The reproductive structures are separated by gender (dioicous), with male and female organs occurring on different plants. The male structures (antheridia) appear in groups of 4–6 along the plant's midline, with their necks projecting about 450 micrometres. Each branch typically contains 2–3 spore-producing capsules (sporangia). The spores are triangular-globular in shape, measuring 70–80 micrometres in diameter, and have a distinctive pattern of hexagonal compartments on their surface.

The species is distinguished from its relatives by several features: its lack of protective hairs (cilia), its very small, transparent scales on the underside that do not reach the plant's edges, and its unique spore ornamentation pattern.

==Habitat and distribution==

Riccia atlantica is known from the Madeira archipelago (Madeira island, Porto Santo, and Deserta Grande) and the Selvagens archipelago, where it was first discovered in 2005. Its total extent of occurrence is about 11,260 km², with an area of occupancy of 32 km².

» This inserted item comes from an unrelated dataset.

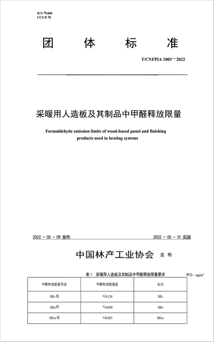 2022年5月31日開(kāi)始實(shí)施的T/CNFPIA1003—2022《采暖用人造板及其制品中甲醛釋放限量》文件,對(duì)甲醛釋放量有三個(gè)分級(jí),分別為HE1(≤0.124mg/m3)、HE0(≤0.050mg/m3)、HENF(≤0.025mg/m3)。

The species grows on volcanic deposits, typically found near cliffs or on exposed slopes. It specifically grows in rock cracks and under rocks in coastal exposed areas, including on exposed coastal cliffs and eroded soil in rock hollows, at elevations between 50–250 metres. The species has low dispersal capacity, with its large spores typically remaining near the parent colonies.

On Madeira island, it is found in the eastern part, specifically the Ponta de S. Lourenço area. This region is characterized by its xerothermic (hot and dry) conditions, receiving less than 500 mm of annual rainfall, which falls primarily in winter. Under the influence of northeasterly trade winds but protected from cloud condensation by the low altitude, it occurs alongside other short-lived bryophytes (mosses and liverworts) adapted to these harsh conditions, including Acaulon muticum, Fissidens algarvicus, Exormotheca pustulosa, Riccia nigrella, and Desmatodon convolutus. The population is naturally restricted due to its specialised habitat requirements, and complete extinction has been predicted by 2070 in some climate change scenarios.

==Conservation==

Riccia atlantica is classified as Critically Endangered (CR) by the International Union for Conservation of Nature. The total population is estimated at fewer than 250 mature individuals, with each subpopulation containing fewer than 50 plants.

Multiple threats endanger this species' survival. In Madeira and Porto Santo, tourism development and recreational activities pose the primary risks. On Deserta Island, climate change threatens the species by potentially reducing the shrub cover it depends on. In the Selvagens population, increasing soil salinity is causing a decline in suitable habitat. The species faces additional challenges from the spread of coarse grasses, which can prevent colonisation of new areas by limiting available bare surfaces. Changes in local agricultural practices may also reduce or alter suitable substrates. Wildfires pose a further threat to existing populations. Modeling studies predict severe climate-driven habitat loss for R. atlantica over coming decades. Under moderate climate change scenarios, only about 1% of currently suitable habitat is expected to remain by 2070, while under more severe scenarios the species is predicted to face complete extinction in its native range due to loss of climatically suitable areas.

Some protective measures are in place. The species is protected under regional legislation in Madeira, and its populations in Madeira, Deserta Grande, and Selvagem overlap with Natura 2000 sites. Conservation experts recommend careful protection of existing sites from tourism and agricultural impacts, along with regular monitoring of population status and habitat conditions. They also suggest considering ex situ conservation measures for this rare species.